Kerala Tourism Watch: Close down golf course in India
Golf courses in Kerala, India are being increasingly brought in to focus due to the environmental and social problems that they engender.
Kerala Tourism Watch, a coalition of civil society activists and local communities, along with Equations and Kabani – the other direction, have urged the Kerala government to close the Trivandrum golf club and abandon its golf course. The coalition believes that the environmental and social impacts warrant a more fundamental approach of dissolution rather than changing the ownership from private to public.
The golf courses are being increasingly brought in to focus due to the environmental and social problems that they engender. Everywhere in the world, golf courses have been a major threat for local communities primarily in terms of uncontrolled ground water depletion. Trivandrum golf course for example has been reportedly consuming lakhs of liters of water every day to maintain the grass turf. Conservative estimates by various international agencies show that an 18-hole golf course would consume 50 lakh liters of water a day, enough for nearly 10,000 families in a state like Kerala. We must remember that the water consumption by the Coca cola plant at Plachimada had been 5 lakh liters a day. It is hardly surprising that the arrears towards water charges of Trivandrum Golf Club ran in to several lakhs of rupees. At a time when the common people in the city face acute water shortage, maintaining a golf course with direct and indirect state subsidies violate principles of social justice.

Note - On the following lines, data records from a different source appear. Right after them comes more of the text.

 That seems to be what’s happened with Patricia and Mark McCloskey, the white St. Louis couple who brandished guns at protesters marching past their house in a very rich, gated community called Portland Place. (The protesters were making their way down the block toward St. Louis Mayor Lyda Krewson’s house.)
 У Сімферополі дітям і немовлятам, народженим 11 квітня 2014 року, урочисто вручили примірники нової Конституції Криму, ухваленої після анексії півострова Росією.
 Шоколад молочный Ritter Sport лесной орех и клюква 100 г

The argument that the golf courses would promote tourism in the state is completely unfounded, accordling to the coalition. Studies have shown that tourists visiting destinations in developing countries, including India, belong to the low spending segment of international travelers, and that it is unlikely that they will be interested in golf. Alternatively, they feel that golf courses will not be an adequate incentive for high spending travelers to visit destinations in poor countries, and that allowing golf courses to flourish disregarding their environmental and social impacts will only serve the interest of the local elites.

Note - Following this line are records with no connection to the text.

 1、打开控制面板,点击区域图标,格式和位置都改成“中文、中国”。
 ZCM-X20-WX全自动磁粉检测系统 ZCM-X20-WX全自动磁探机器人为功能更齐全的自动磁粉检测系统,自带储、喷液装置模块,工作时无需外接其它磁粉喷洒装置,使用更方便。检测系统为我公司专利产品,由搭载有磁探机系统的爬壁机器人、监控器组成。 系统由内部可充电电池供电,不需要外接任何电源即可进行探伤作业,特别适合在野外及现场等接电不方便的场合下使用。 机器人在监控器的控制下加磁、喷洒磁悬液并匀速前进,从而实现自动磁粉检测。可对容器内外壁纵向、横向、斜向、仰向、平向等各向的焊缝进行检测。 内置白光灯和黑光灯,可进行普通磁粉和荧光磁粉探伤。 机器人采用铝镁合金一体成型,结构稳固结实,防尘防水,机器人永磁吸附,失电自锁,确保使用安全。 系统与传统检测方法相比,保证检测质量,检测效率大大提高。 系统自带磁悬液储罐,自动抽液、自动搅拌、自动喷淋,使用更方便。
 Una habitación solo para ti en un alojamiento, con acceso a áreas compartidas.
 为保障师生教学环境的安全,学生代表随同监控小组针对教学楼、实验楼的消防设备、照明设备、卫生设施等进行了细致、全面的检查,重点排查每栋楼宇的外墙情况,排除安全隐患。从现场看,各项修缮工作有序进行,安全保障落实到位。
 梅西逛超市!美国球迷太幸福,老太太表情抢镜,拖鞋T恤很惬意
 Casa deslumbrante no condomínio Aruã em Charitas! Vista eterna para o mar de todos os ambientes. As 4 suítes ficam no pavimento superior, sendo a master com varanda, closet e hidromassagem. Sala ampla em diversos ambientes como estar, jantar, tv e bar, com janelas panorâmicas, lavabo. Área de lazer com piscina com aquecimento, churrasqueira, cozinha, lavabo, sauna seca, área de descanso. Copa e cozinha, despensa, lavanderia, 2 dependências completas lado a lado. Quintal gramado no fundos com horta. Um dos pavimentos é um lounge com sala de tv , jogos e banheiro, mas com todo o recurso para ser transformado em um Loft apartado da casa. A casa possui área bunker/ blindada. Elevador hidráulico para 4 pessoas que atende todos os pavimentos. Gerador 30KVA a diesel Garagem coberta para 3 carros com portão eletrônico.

The coalition demands that government should take back this valuable property and sees this opportunity to convert it into a bio diversity park. The coalition strongly condemns the attempt by club authorities to use the tourism façade to legitimise their elitist biases and vested interests.

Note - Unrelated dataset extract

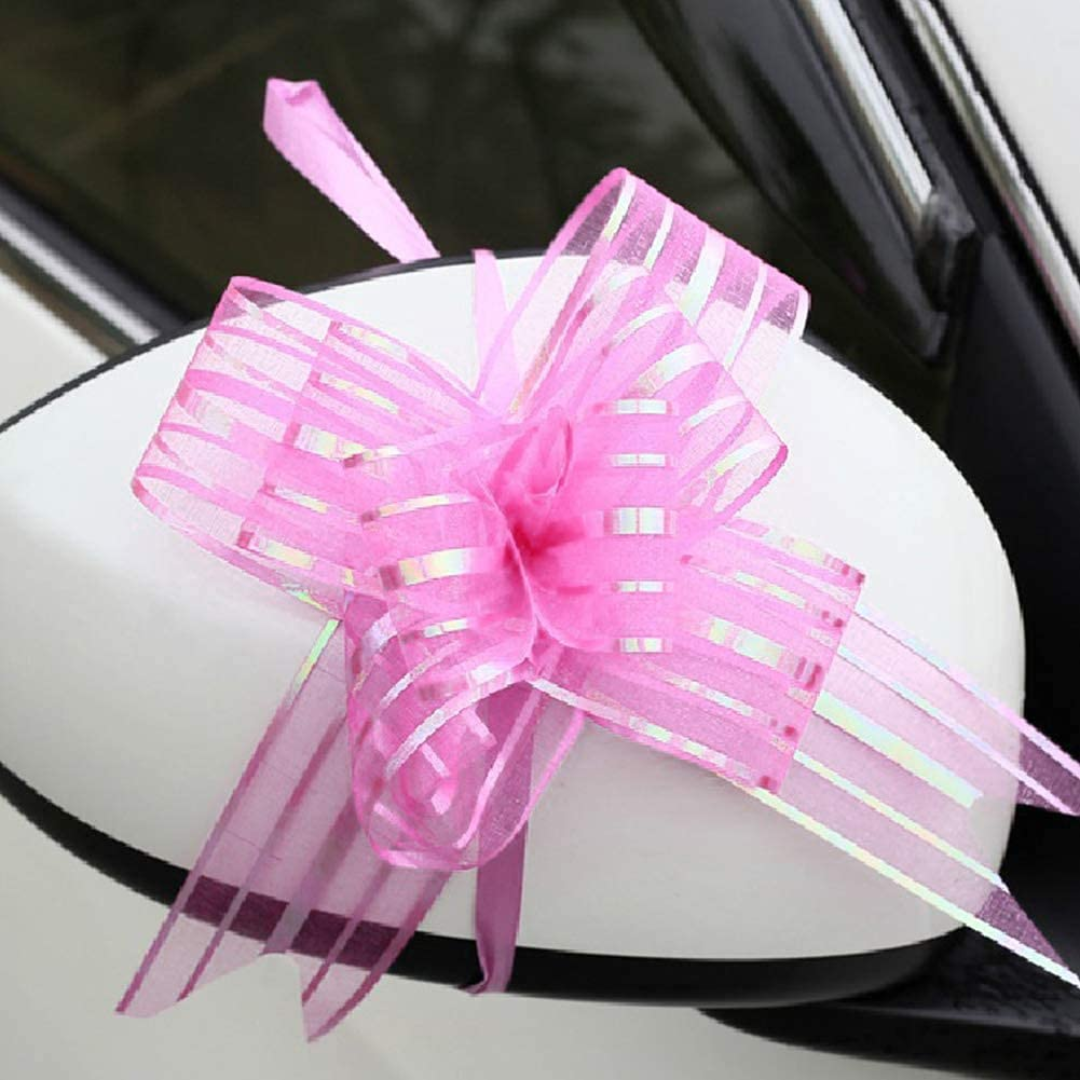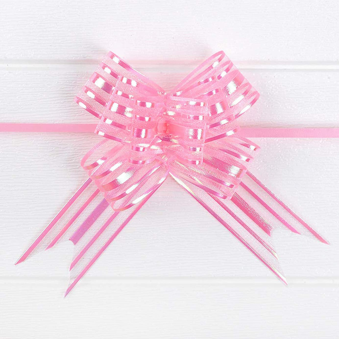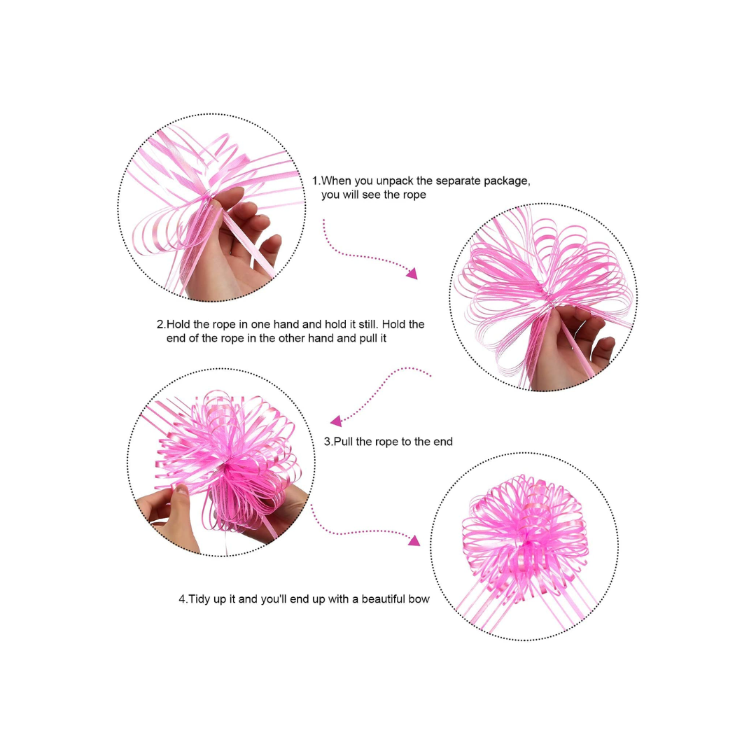 The finished bows are around 30mm wide ribbon bows Material: polyester Perfect to use for embellishment, gift wrapping, packaging, bows, and scrapbooking Use method :Hold one end, find and hold the two small inside ribbons from the other end and then pull them to make the flower. The two coming out small ribbons are used to tie around your gift bag or package and the beautiful flower should be on the top of your bag.

Even further, the coalition is demanding that existing courses in Trivandrum and Kochi be immediately closed down, as well as shelving the proposed one in Nedumbassery, noting that the Nedumbassery project involves land acquired by evicting local people in the name of Nedumbassery International Airport. Tourism department and government of Kerala should pay attention to the concerns raised by national and international movements which oppose golf courses on environmental and social grounds.